» What you are asked to do:
Dropping every picture, set down exactly the lines in the entries below, starting with the line with "テイストの違うプリント素材同" and going on through the line with "Regeneración, 24 de".

START Working data

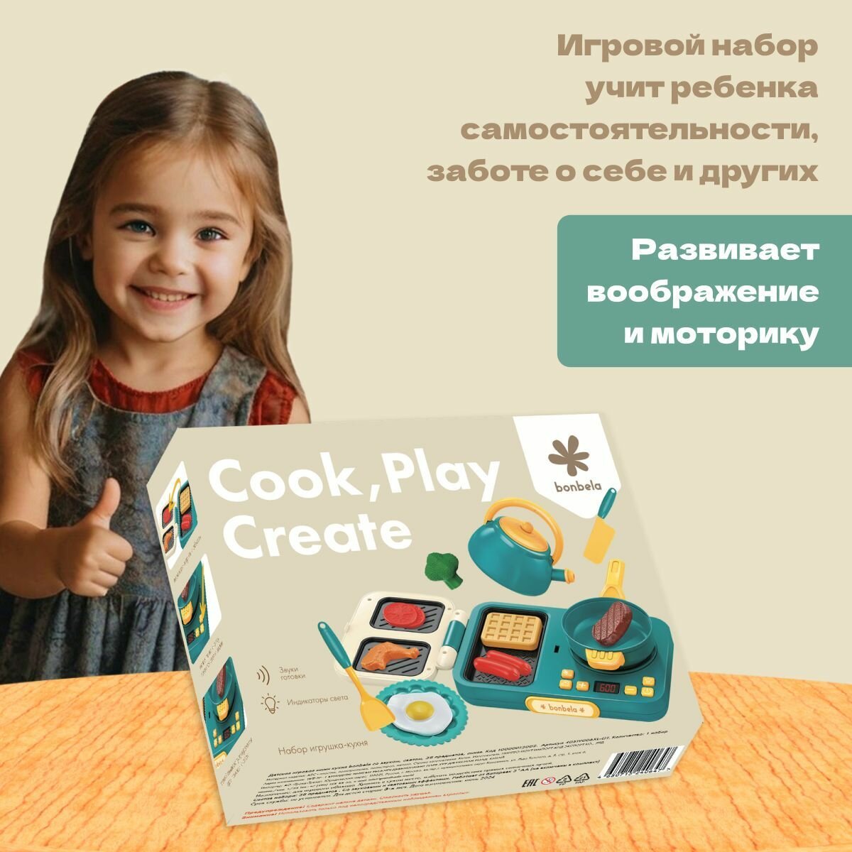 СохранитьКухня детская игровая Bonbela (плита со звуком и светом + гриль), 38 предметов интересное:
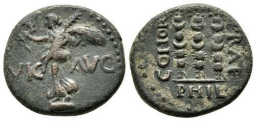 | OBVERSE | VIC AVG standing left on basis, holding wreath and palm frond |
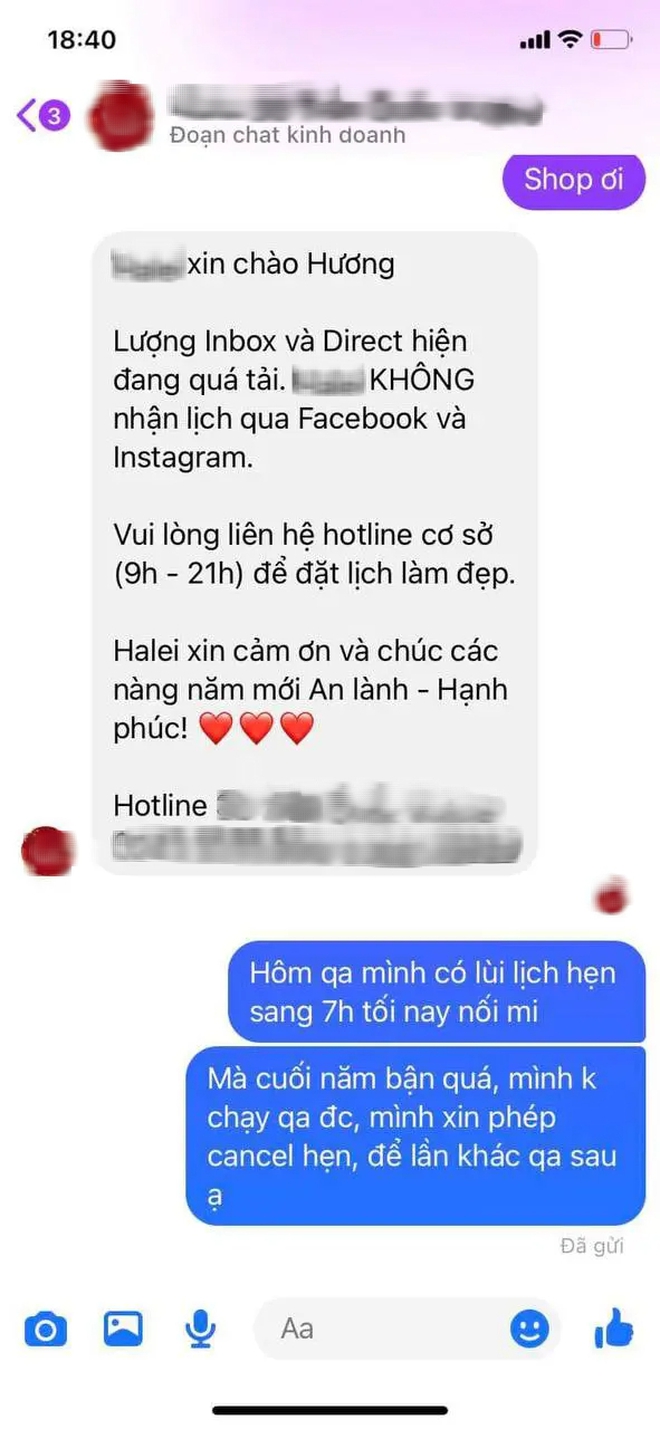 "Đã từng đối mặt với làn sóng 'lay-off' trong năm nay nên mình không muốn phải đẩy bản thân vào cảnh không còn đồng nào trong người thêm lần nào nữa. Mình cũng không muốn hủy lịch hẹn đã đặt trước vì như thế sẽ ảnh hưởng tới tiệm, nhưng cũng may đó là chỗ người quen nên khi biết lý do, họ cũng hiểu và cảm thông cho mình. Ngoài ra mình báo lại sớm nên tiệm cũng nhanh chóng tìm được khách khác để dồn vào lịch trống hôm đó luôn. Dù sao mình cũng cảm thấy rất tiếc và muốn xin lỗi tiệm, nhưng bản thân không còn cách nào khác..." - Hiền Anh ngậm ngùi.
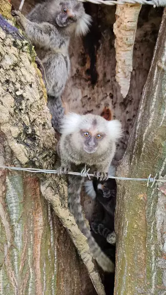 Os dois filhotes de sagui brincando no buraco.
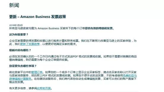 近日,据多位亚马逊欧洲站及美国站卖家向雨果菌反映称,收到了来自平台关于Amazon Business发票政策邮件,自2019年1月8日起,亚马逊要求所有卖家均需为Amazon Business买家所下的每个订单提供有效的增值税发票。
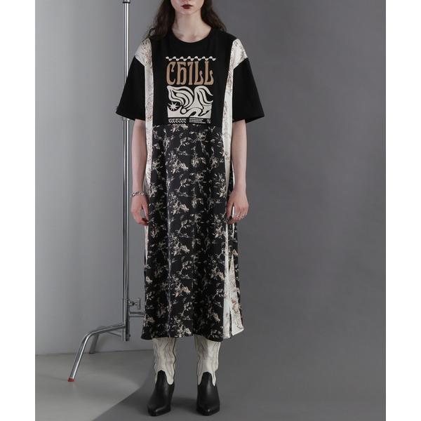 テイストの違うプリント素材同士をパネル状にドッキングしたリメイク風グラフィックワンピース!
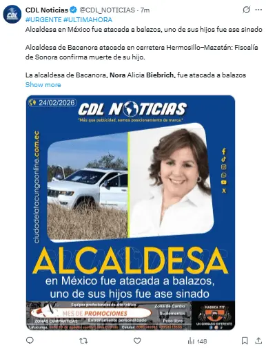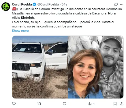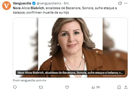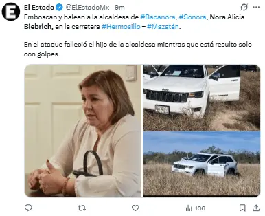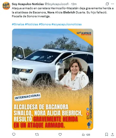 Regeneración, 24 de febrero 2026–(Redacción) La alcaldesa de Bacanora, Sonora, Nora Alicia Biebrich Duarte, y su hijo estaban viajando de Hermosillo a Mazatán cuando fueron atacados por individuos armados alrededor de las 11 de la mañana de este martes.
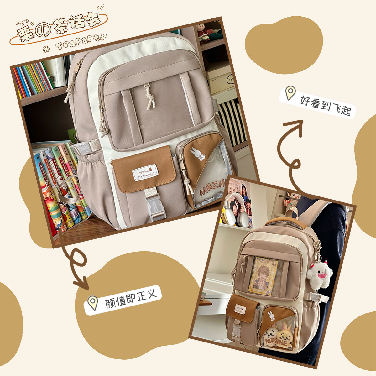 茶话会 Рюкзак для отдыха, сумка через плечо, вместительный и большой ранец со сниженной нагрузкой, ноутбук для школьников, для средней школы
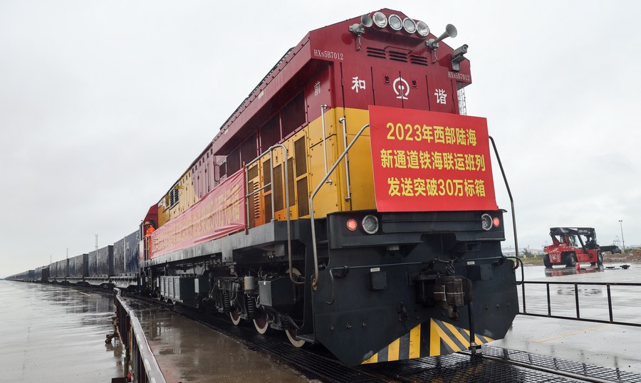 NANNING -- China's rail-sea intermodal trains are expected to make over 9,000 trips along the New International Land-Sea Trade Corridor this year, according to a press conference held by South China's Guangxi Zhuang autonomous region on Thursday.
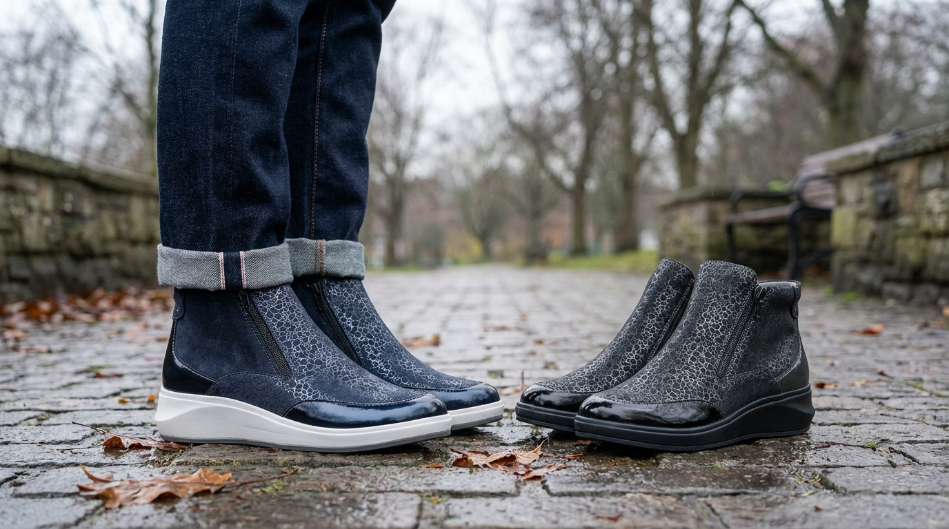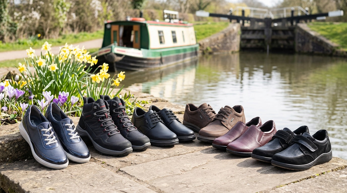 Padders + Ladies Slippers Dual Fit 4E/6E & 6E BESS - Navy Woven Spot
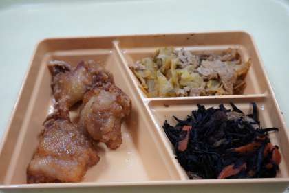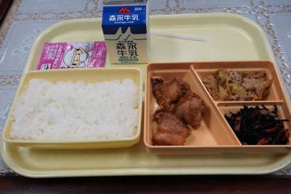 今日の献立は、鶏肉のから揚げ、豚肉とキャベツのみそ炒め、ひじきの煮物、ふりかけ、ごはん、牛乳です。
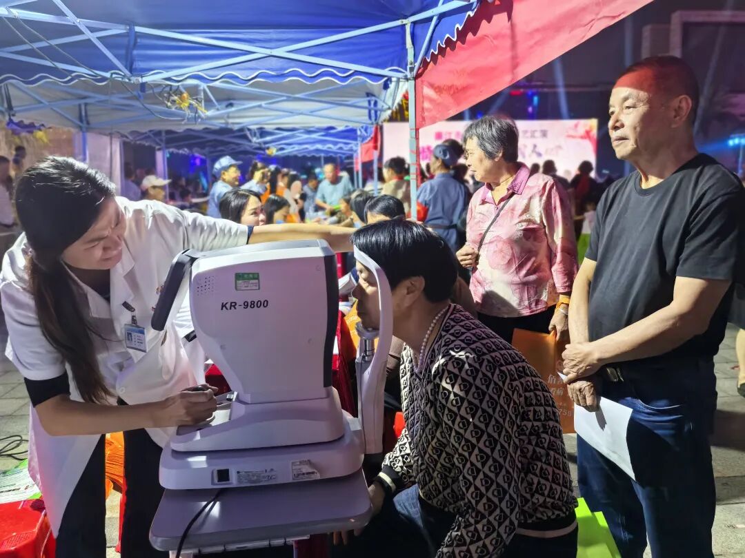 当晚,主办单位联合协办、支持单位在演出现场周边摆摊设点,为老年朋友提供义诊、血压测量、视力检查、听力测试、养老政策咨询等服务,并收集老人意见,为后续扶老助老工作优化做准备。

END Working data

» Task result:
 テイストの違うプリント素材同士をパネル状にドッキングしたリメイク風グラフィックワンピース!
 Regeneración, 24 de febrero 2026–(Redacción) La alcaldesa de Bacanora, Sonora, Nora Alicia Biebrich Duarte, y su hijo estaban viajando de Hermosillo a Mazatán cuando fueron atacados por individuos armados alrededor de las 11 de la mañana de este martes.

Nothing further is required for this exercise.